# Understanding the sequence (what happens when)



## grumpydaddy (Oct 20, 2014)

As the proud owner of a classic I have my tech head on just now and want to understand just what is happening whilst the machine is running.

I have a rotary pump, a few solenoids and relays, some heaters linked as one, level switches/sensors. You get the picture I am sure.

Currently I have this tank fed from a remote tank that relies on the pump within the machine to do its thing to get water where it needs to be. It will be mains fed at a later date but in the interim I ordered a small pump to put some pressure on the inlet.

Why bother you may ask, well, it occurs to me that such a pump could be used to pre-infuse once I understand what is happening at each stage of the shot.

Just now it seems that the pump runs when the tank fills and when I switch on the "pull" but I wonder if I can introduce a delay in that cycle whereby the only pressure seen at the group would be the 2.5-3.0 bar introduced by the remote pump.

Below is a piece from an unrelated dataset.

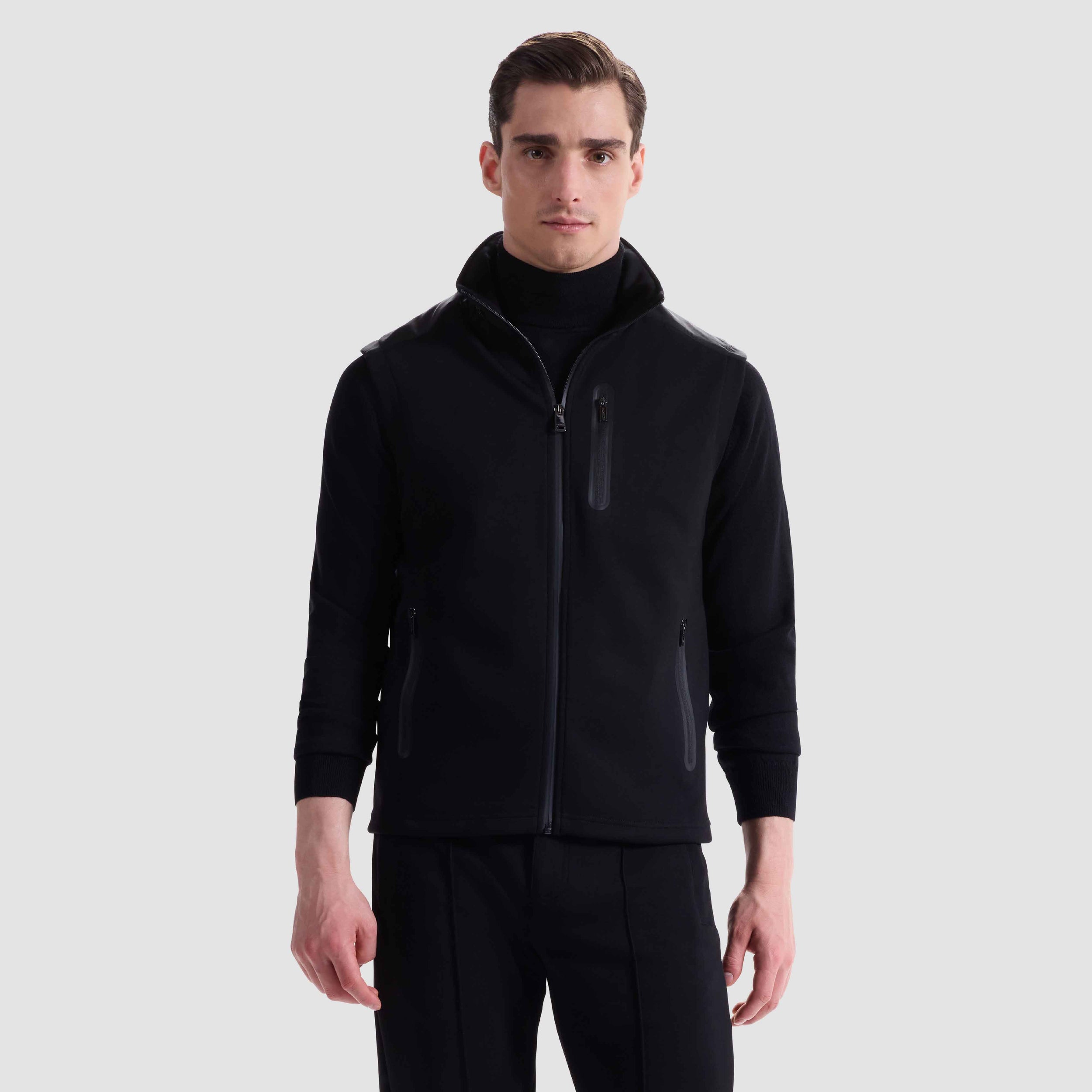 This practical vest in Soft Touch performance fabric features a nylon collar with a stowable nylon hood that tucks neatly into a zippered pocket, adjustable toggles, and nylon shoulder trim. The full zipper closure and three vertical zip pockets are accented with rubber bonding for a sleek, versatile finish. Ideal for transitional weather and effortless layering.

Has anyone got this information or done the work already? It is all new to me and I can work it all out given time, it would be a whole lot easier if one of you has some sort of fault finding flow chart to hand.


----------



## Bruce Boogie (Dec 1, 2014)

Great idea, the more we understand the process, the better we should be able to make a decent coffee.


----------



## espressotechno (Apr 11, 2011)

Fracino Classic or Gaggia Classic ? Fracino has a rotary pump......a greater pump pressure can be achieved if your water tank(s) are level with or higher than the pump.


----------